In a new studypublished in the scientific journal Nature Metabolism, these researchers have shown for the first time the biochemical change responsible for the development of the disease…and how to block that process to stop the progression of the disease.
The new analysis part of a change in the brain of patients with this diseasedescribed for the first time in the 80s of the last century, and the probability that it is behind its activation.
Problems have been identified in specific neurons in the brain, called iSPN neurons, the first affected by the disease. This triggers an imbalance in dopamine levels, by losing important signaling, derived from the activation of the TrkB neurotrophin receptor. This imbalance is related to the first symptoms, such as involuntary movements.
Before symptoms
The scientists began by looking at laboratory mice that lacked the normal function of these neurons due to alterations in TrkB, and saw that they had excessively high dopamine levelswhich caused hyperactivity. This change occurred before there were visible symptoms of the disease.

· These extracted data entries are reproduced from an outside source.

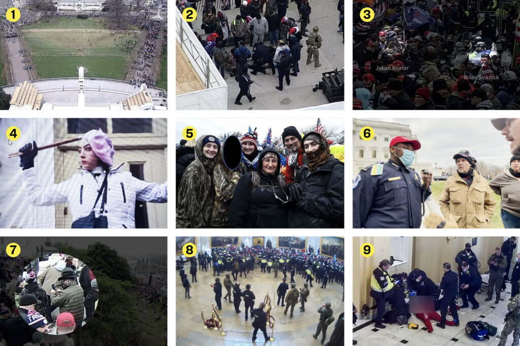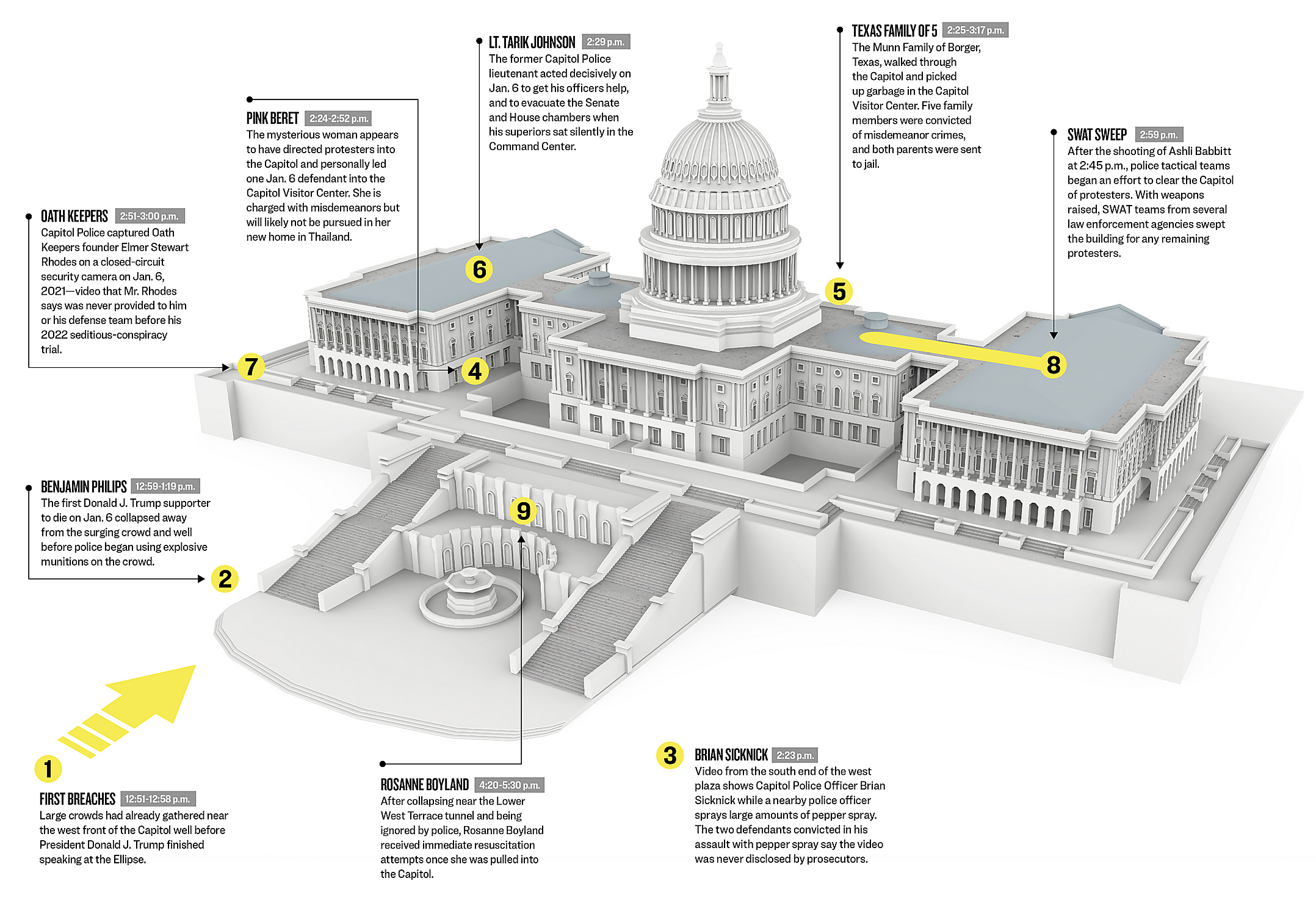 (1) Large crowds had already gathered near the west front of the U.S. Capitol well before President Donald J. Trump finished speaking at the Ellipse. (2) Benjamin Philips collapsed away from the surging crowd and well before police began using explosive munitions on the crowd. (3) Video from the south end of the west plaza shows Capitol Police officer Brian Sicknick and a police officer nearby spraying large amounts of pepper spray. The two defendants convicted of assaulting him with pepper spray say the video was never disclosed by prosecutors. (4) Pink Beret directed protesters into the Capitol and personally led one Jan. 6 defendant into the Capitol Visitor Center. (5) The Munn Family of Borger, Texas, walked through the Capitol and picked up garbage in the Capitol Visitor Center. Five family members were convicted of misdemeanor crimes. (6) Lt. Tarik Johnson (L) acted decisively on Jan. 6 to evacuate the Senate and House chambers while his superiors sat silently in the Command Center. (7) Capitol Police captured Oath Keepers founder Stewart Rhodes on a closed-circuit security camera on Jan. 6, 2021-video. (8) After the shooting of Ashli Babbitt at 2:45 p.m., police tactical teams began an aggressive effort to clear the Capitol of protesters. (9) After collapsing near the Lower West Terrace tunnel and being ignored by police, Rosanne Boyland received immediate resuscitation attempts once she was pulled into the Capitol.
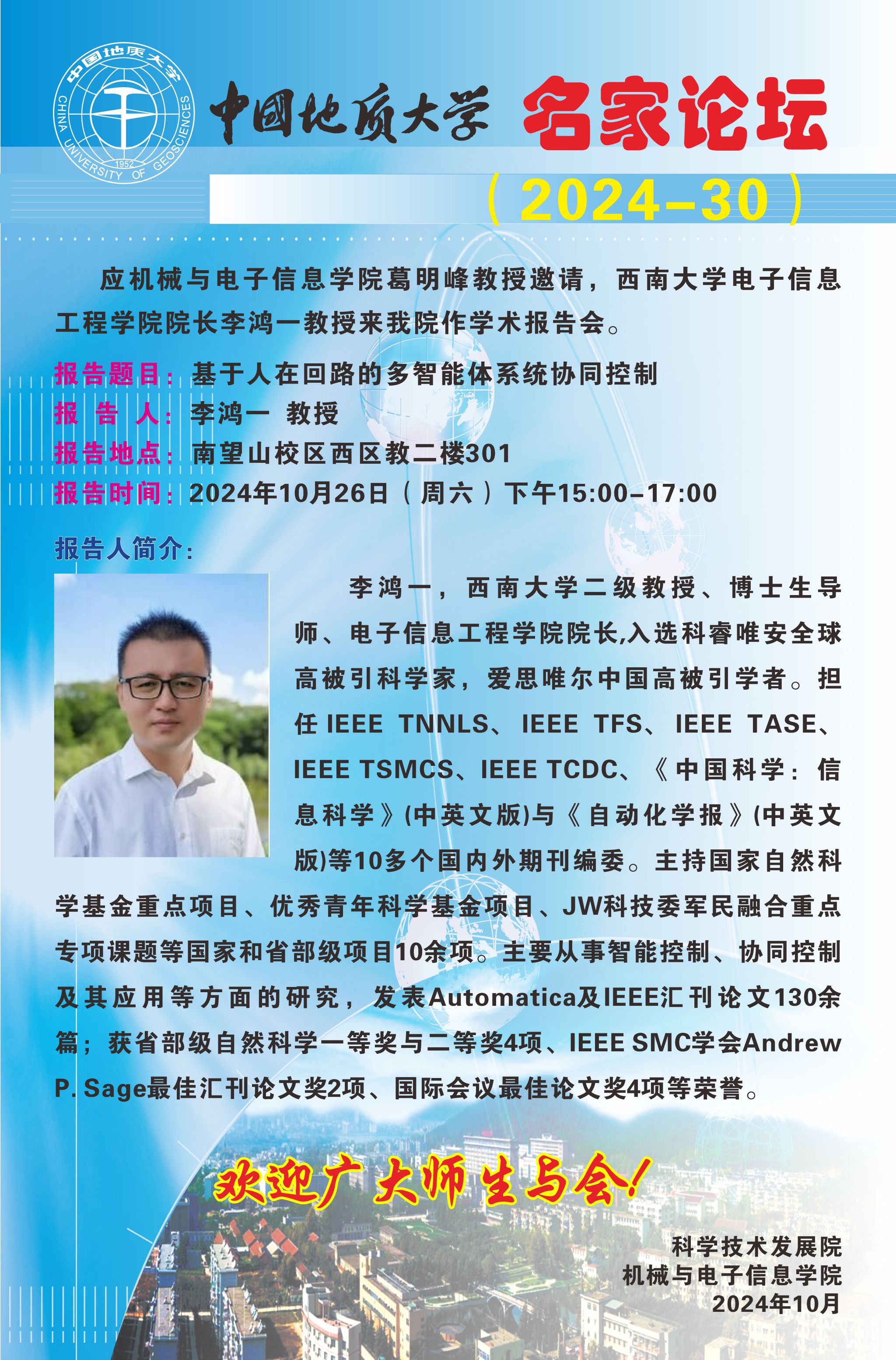 【10月26日】名家论坛(2024-30):西南大学李鸿一教授
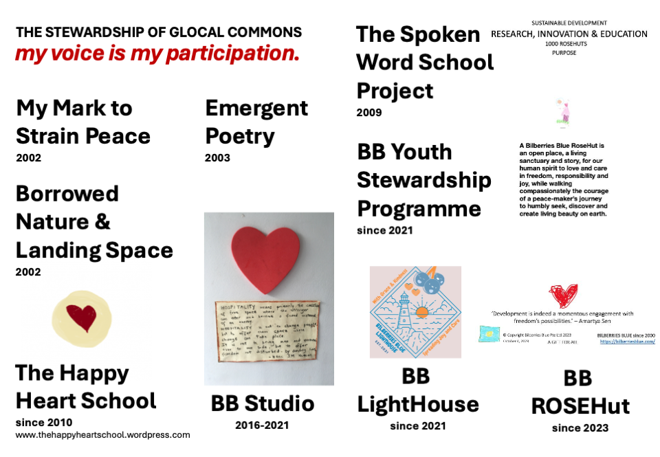 “The root of the disconnect in the Anthropocene is human estrangement (ref Small is Beautiful-EF Schumacher), from within ourselves, each other and with nature. So our focus, critical response and determination is to restore this, so that we dare to love again.” – Peng-Ean Khoo
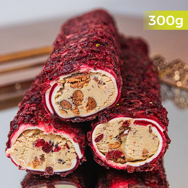 Lokum Tullu – Creme de Amêndoas com Roma é um doce turco importado com exclusividade pela Taybe Food. Produzido com goma turca tradicional, ele é recheado com um delicado creme de amêndoas e coberto com generosos pedaços de romã desidratada. A combinação oferece uma textura macia por dentro e levemente crocante por fora, além de um sabor surpreendente e sofisticado. Ideal para servir como sobremesa ou acompanhar um café.

They also saw that a protein called GST02 plays an important role in regulating dopamine levelsto. By selectively reducing the activity of this protein, they were able to prevent alterations in dopamine and avoid the presentation of symptoms in the guinea pigs.
Lead researcher Liliana Minichiello, professor of cellular and molecular neuroscience in the department of pharmacology at the University of Oxford, said: ‘The big problem with Huntington’s disease is that By the time symptoms develop, much of the damage has already been done “And that is why it is essential that we understand the changes that occur before the disease develops if we want to discover effective therapies.”
This research is the first that has identified a specific chemical change, unique in the development of Huntington’s disease, which offers the possibility of developing new diagnostic tests to know the initial changes associated with it, before irreparable damage occurs.
«Understanding these initial changes provides fundamental knowledge about how the disease progresses.and this knowledge can help us develop preventive therapies that maintain the balance of dopamine levels and delay the progression of the disease,” he added.
Yaseen Malik, first author of the article published in Nature Metabolism, adds: “Despite our reasonable understanding of its pathophysiology (the physical processes that explain the disease) Huntington’s disease remains without a cure, which highlights the importance of obtaining diagnostic and therapeutic interventions prior to the presentation of symptomsand this study is a step in that direction.